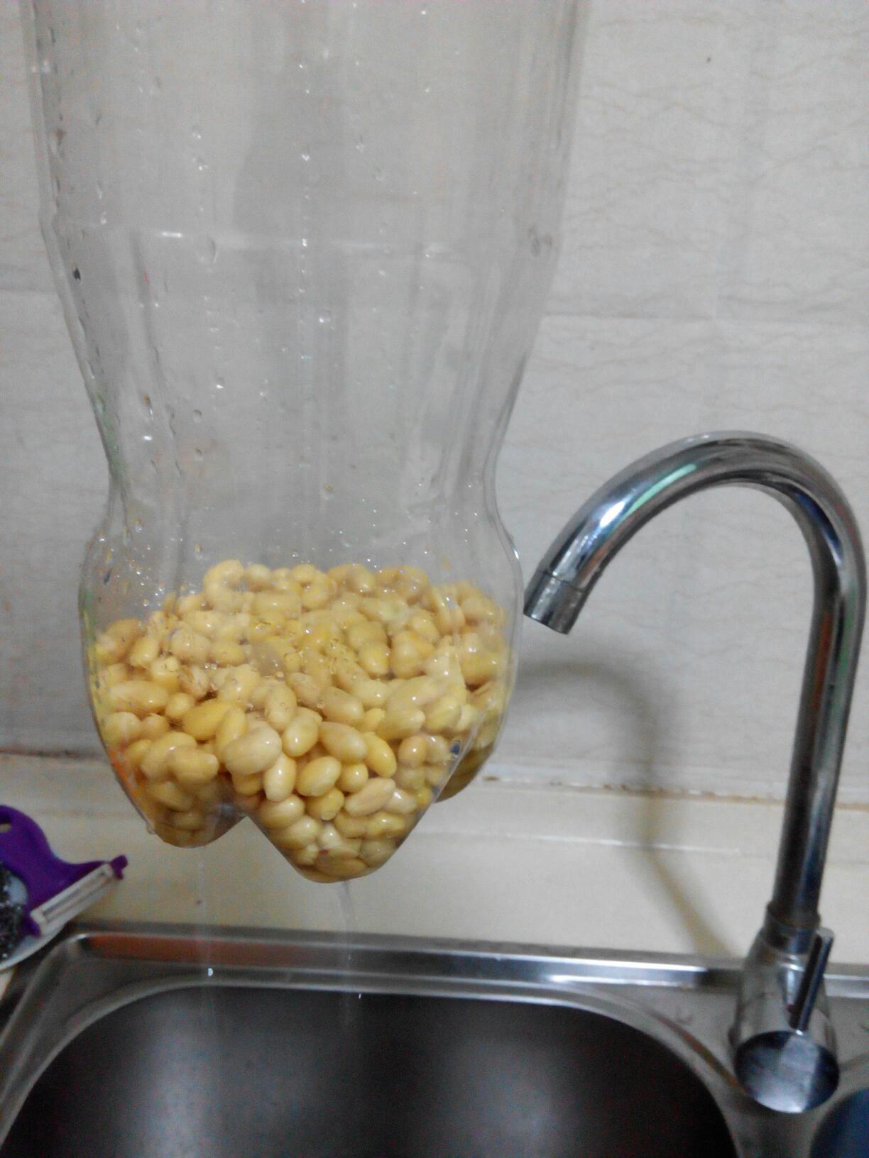 把泡好的黄豆装进瓶子
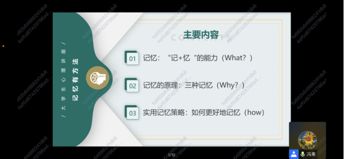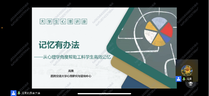 冯果老师,为信息学院本研学生开展“记忆有办法——从心理学角度帮助工科学生高效记忆”的专题心理讲座,针对工科学生普遍存在的记忆慢、记忆难、记忆不准确的共性问题,从心理学角度出发剖析记忆的关键和技巧,以多重视角来引导同学们更好地提高记忆能力。
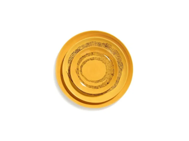 Serax’s Feast plate is decorated with a circular pattern made of irregular little black dots. The bright yellow plate is a refreshing way to brighten up your table setting – especially at the breakfast table, its captivating shade is a real wake-up call! In addition to the breakfast bread, the small plate is perfect for serving sweets, nuts, fruits, and other snacks. The package contains four little plates.

Work task:
Would you repeat the listing word for word and skip every picture?

Solution:
 把泡好的黄豆装进瓶子
 冯果老师,为信息学院本研学生开展“记忆有办法——从心理学角度帮助工科学生高效记忆”的专题心理讲座,针对工科学生普遍存在的记忆慢、记忆难、记忆不准确的共性问题,从心理学角度出发剖析记忆的关键和技巧,以多重视角来引导同学们更好地提高记忆能力。
 Serax’s Feast plate is decorated with a circular pattern made of irregular little black dots. The bright yellow plate is a refreshing way to brighten up your table setting – especially at the breakfast table, its captivating shade is a real wake-up call! In addition to the breakfast bread, the small plate is perfect for serving sweets, nuts, fruits, and other snacks. The package contains four little plates.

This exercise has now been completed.